Foto door Markus Spiske op Pexels.com

I am not saying that I cannot do anything against it – I can… I’ts just so darn hard. Cause it is starting again…

So, noticed… – now, let’s see how to cope with it. What would I normally feel or think if I would be allowed to go outside? I mean, it’s not the first time this is happening to me.

Hahahahahaha! I would turn off my phone for a day. Just ignore all those fun stories of my friends. Dweel in dark thoughts, cry, curse everything, throw some stuff at my walls.

And after that I would figure out things that make me happy again – make some music for instance. I have loads of projects that have been waiting for a week. But most importantly, I would just let it happen. Give into it.

Because it belongs to me. It’s who I am. Thinking that I’m not worth anything and not Ok. Left. Alone. Thinking that nobody understands me. And everyone abandones me. Where are they, my friends?

Foto door NEOSiAM 2020 op Pexels.com

But to be hones – on days like this – I don’t wanna see them, I don’t wanna hear them. I don’t want them to try to cheer me up and tell me: “I believe in you!” or “You can do it!” Or, even worse ask: “What can I do for you?” or “You want me to drop by?” Just leave me alone! Bugger off everybody!

And if they came here I would have to talk to them.
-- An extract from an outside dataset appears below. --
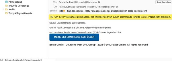 Immer wieder werden E-Mails versendet, die Daten der Mailempfänger oder Empfängerinnen abfischen wollen. Zumindest im E-Mail Programm Thunderbird sind solche E-Mails eigentlich gut zu identifizieren.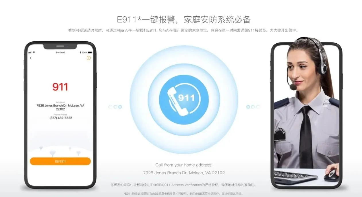 AIjia无线安防摄像头的APP可以进行E911一键报警功能,及时把案发地址直接发送给救援中心,无须担心由于案发不方便说话或紧张导致地址出错。

And I really don’t want to. All that blablabla…

I wonder – If I had a girlfriend just like me? How would I cope with her?
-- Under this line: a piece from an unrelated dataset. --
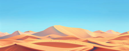 Waves of golden sand rise and fall across an expansive desert, glowing under a clear blue sky. The tranquil landscape invites a sense of calm and adventure, showcasing natures beauty.

I’d read and follow her blog.

I would write funny comments, such as “I got peanuts and cheese here for you at the ready!”

Foto door Markus Spiske op Pexels.com

I would call her – which is pretty dangerous… cause if she really is like me then I know that she won’t say anything for the first five to ten minutes. Be really quiet and try to bite me off. Vicious even. But I also know that she does not want to be like that. I know that if I just let her be she will come out of that shell. And then she starts to come alive again…

Most importantly, I would never ever try to cheer her up. Don’t pressure her. Don’t use sentences, such as: “You can do it. It’ll pass.” Give her all the time she needs to talk. She knows that this is only a phase she is going through.

And the worst, what I really never, ever would say: “Why not make some music? Why not do this or that?” She knows that, too – but she just does not have the energy to get to it. And if I say stuff like that I know that I’ll only make things worse for her. Because then she won’t only feel down – no – she will feel completely useless. She is just wasting her precious time on doing nothing at all…

See y’all later!

11:10 a.m.

Thanks for calling, Regina and Jan.

I wonder… you should think that us human beings have learned something from “these time”? Not go to work when we are sick? Listen to our bodies more, take a step back? Don’t “they” say that? Just become more human again?

Hmm… so if I read this right – I don’t have to go into isolation if I work or study in a risk area? Work is important!

Sorry, guys… I don’t get it… I can work in the gastronomy in a foreign country if I cannot work from home – if they really need me there. I mean, I cannot work at the bar via skype… And then I don’t have to go into isolation? But I can’t work behind the bar in the Netherlands… not allowed to? Well… at this moment I can’t anyway… cause gastronomy is mainly closed…

Darn, why am I not intelligent enough to get this?

So – work is more important than family and friends, right? If I (yep, here we go again) if I wanna visit Anna-MS or Regina I have to go into isolation for 20 days again – ten or sometimes 14 in Germany and ten in the Netherlands.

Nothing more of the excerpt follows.